The new Turkey Academics for Peace sentenced to prison in "Kafkaesque" trial
16-Mar-2019 17:03
13 December 2018 Ahval wrote:
Nine Turkish doctors and academics who signed a peace petition in 2016 have been handed 15-month prison sentences after being charged with “propagandising for a terrorist organisation.”
The academics were among 26 attending hearings related to the same case on Wednesday in four separate courts. While those academics who chose to accept guilt had their sentences deferred, the three who did not - Ayşe Erzan, Nesrin Sungur Çakmak and Özdemir Aktan, will serve their sentences in prison.
Over 2,000 “Academics for Peace” handed a petition to the Turkish government in January 2016 entitled “We will not be party to this crime.” The petition criticised the practices of Turkish security forces in Turkey’s predominantly Kurdish southeast after fighting resumed with armed Kurdish groups in 2015.
The outlawed Kurdistan Workers’ Party (PKK) had entered peace talks with the Turkish government to end decades of conflict in 2013, but the talks broke down in 2015. Heavy fighting between Turkish forces and groups affiliated with the PKK left urban centres in Turkey’s southeast in ruins, with civilians trapped in their homes under strict curfews.
Shortly after it was submitted to the government the petition received an angry response from President Recep Tayyip Erdoğan, who called the signatories “pseudo-intellectuals” and accused them of treachery for demanding foreign observers oversee the conflict zones.

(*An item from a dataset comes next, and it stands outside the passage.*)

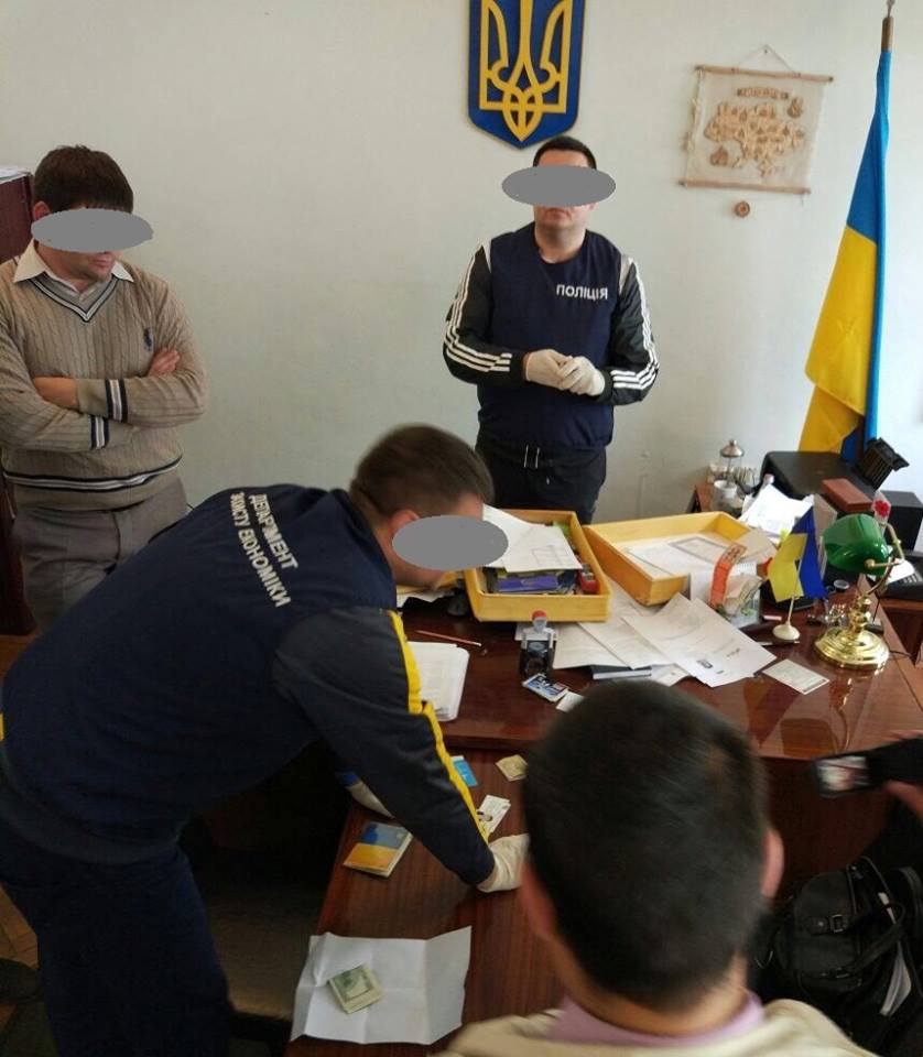 Вечером, сотрудники Департамента защиты экономики Нацполиции совместно с Прокуратурой - задержали с поличным злоумышленников по 208ст. - при передаче Главе и главспецу - очередного пакета-вознаграждения со взяткой 2300 $ за 2 га земли.

Legal repercussions against the signatories soon followed, leaving many stripped of their academic positions and passports, left without funding, or facing arrest and trial.
The trials of the academics have gained international interest from universities and human rights organisations. One international observer who attended a hearing of the trial in Istanbul on Wednesday described a “Kafkaesque” trial in which the judge and prosecutors ignored the defence lawyers before reading off scripts used in previous trials and sentencing the defendants.
“And so the Kafkaesque farce in this Castle of Injustice concluded. 10 people branded terrorists for wanting peace. Legal argument ignored in a law court. And also, a young Ph.D. student, now branded a criminal and her academic career in Turkey destroyed,” the observer, St. Andrews University Psychology Professor Stephen Reicher, said.